Men’s hidden depression: the midlife crisis
‘My husband suddenly disconnected between us’
When Stefanie Vermeulen’s (41) husband unexpectedly left their family, she dove into the phenomenon of midlife crisis. Psychologists call it men’s hidden depression. ‘They think their problems will disappear if they start a new life.
It came out of nowhere. At the time, almost three years ago now, I didn’t know that it always comes out of nowhere. At least that’s how it went for me, a colleague, my sister’s friend, an acquaintance in Antwerp and the dozens of women worldwide I met online over the past year.
It went like this. We came back from vacation from France. One of those with three children in the back seat, in which one moment you are sweating while wiping your son’s buttocks on the shoulder of the Route du Soleil, and the next moment you are hopping with happiness over a camping field full of mint and butterflies.
You are hopping, because despite, or perhaps precisely because of those ten thousand young-family crises you have endured with your partner, you enjoy from your toes that family unity, and that you still like each other after all these years.
Space needed
Think. Yes, that liking on your part is all well and good, but what you don’t know then, and chances are he doesn’t either, is that something very different appears to be simmering on his side. And that the boiling point is almost reached. One summer night in August, two weeks after our vacation, it happened. My husband suddenly disconnected between us. He checked out and said, “I need space, I know I love you, but I can’t reach it.”
The fantasy of fleeing is a very active expression of depression
The women I met after that told me that their husbands said exactly such things. “I still love you, but I need space. Or, “I’m not in love anymore. The men packed their bags and went. Suddenly. There was no run-up, there was no relationship crisis, there had been no warnings or serious go-even-sitting conversations. Without consulting, they left, leaving behind their wives and children.
According to John Folk-Williams, the desire to leave the partner you love is an underreported and unmentioned symptom of depression that mostly affects men. Depression involves passivity, the lack of self-esteem, the inability to focus, to do anything, explains the author of the book Surviving Depression Together. But the fantasy of fleeing, this uncontrollable urge to leave, is precisely a very active expression of depression, he argues.
Young chickie
My husband left a month after that rigorous summer night for an apartment on the outskirts of town. He needed space and I wanted to give it to him. I did not know Folk-Williams then, nor did I know the many other experiencers, psychologists and therapists I studied or talked to in the years that followed.
Friends and family who are as shocked as I am drop in the weeks and months after that that it must be midlife and he will be back in no time. Images shoot through my mind of men who dress like adolescents, with a fast car and a young chickie. But my husband has no fast car, dresses like he always did, and the young chickie he denies on high and low.
I do see changes in his attitude and behavior. I know him as a stable rock, a sweet, committed, romantic guy and father, who puts a ticket to New York under the Christmas tree on Christmas Eve and sits under the dining room table on Sunday mornings picnicking with our three children. But this man, who now comes home on weekends and locks himself up in the attic for hours, yes, he looks like him outwardly, but the person who should be in that body there, that is gone. Foetsie.
Stress
In the weeks and months following his departure, he becomes absent and unreachable, superficial and distant. Sometimes he stands in the kitchen shaking his head and says he is so incredibly confused, at other times he acts as if nothing is wrong. He never asks how I’m doing. In bed, he lies so far away from me that he has to hold on to keep from falling off.

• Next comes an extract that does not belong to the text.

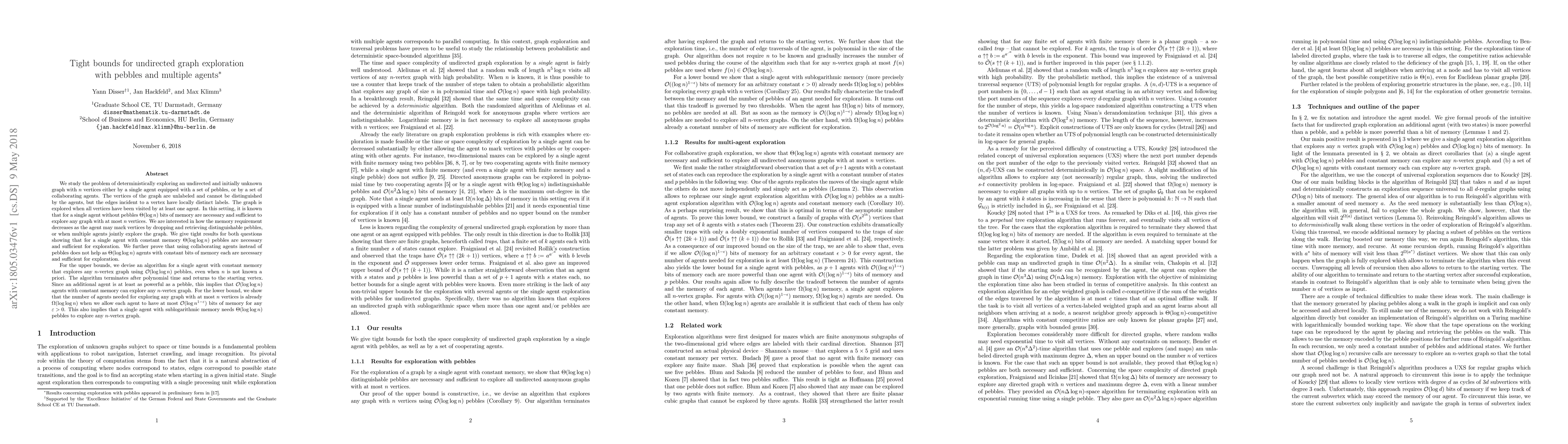 This paper explores the memory and pebble requirements for deterministically exploring an undirected graph with either a single agent or multiple collaborating agents. It establishes that $\Theta(\log \log n)$ pebbles are necessary and sufficient for a single agent with constant memory, and the same bound applies to the number of agents required for exploration.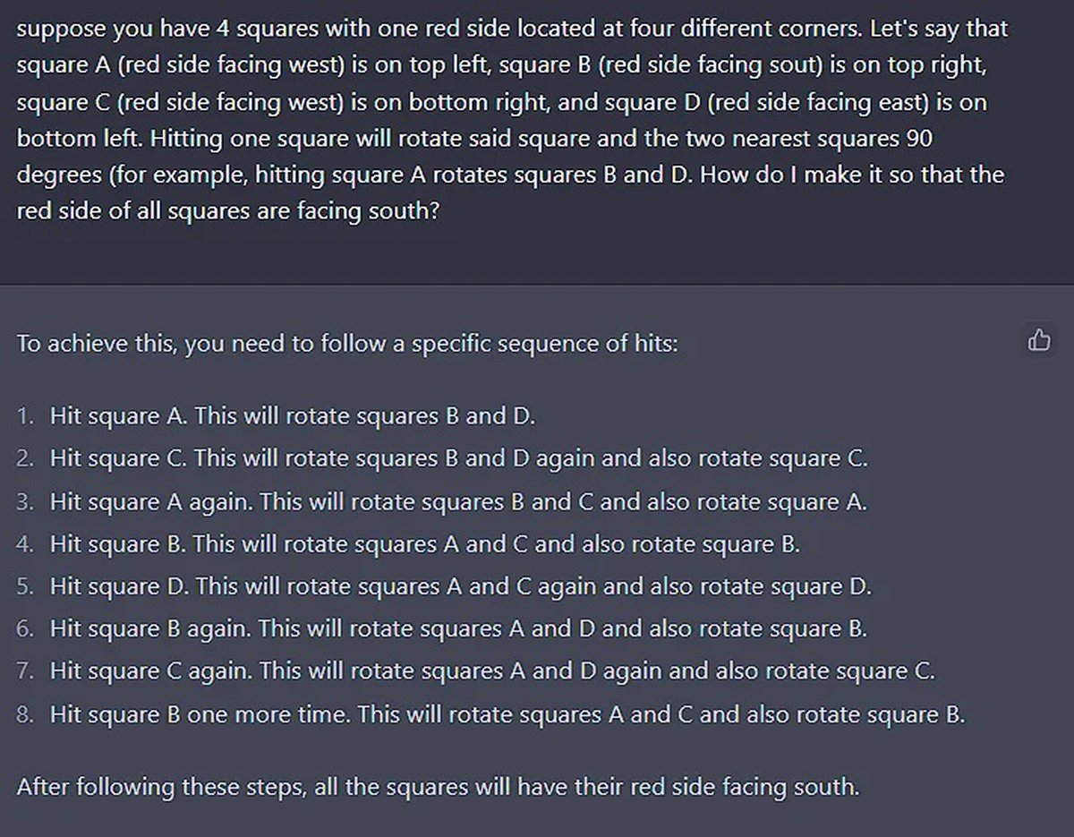 Чтобы нейросеть выполнила задачу, реддитору пришлось подробно описать ChatGPT принцип работы головоломки. Ориентируясь на эти указания, бот и в самом деле выдал последовательность кубов, по которым надо наносить удары.

And when I am sad, or get angry, he runs out the door yelling that my anger is the reason he left. To then app from his apartment that he loves me, that I am and will remain his girl. The responsibility of family, performing at his job and studying on top of it, it all became too much for him. Really, if I give him a little space, he’ll be back in no time.
All in all, it’s a very confusing state of affairs. I try to hold my own as best I can. And in the meantime, I go looking, because I want to know what on earth is going on.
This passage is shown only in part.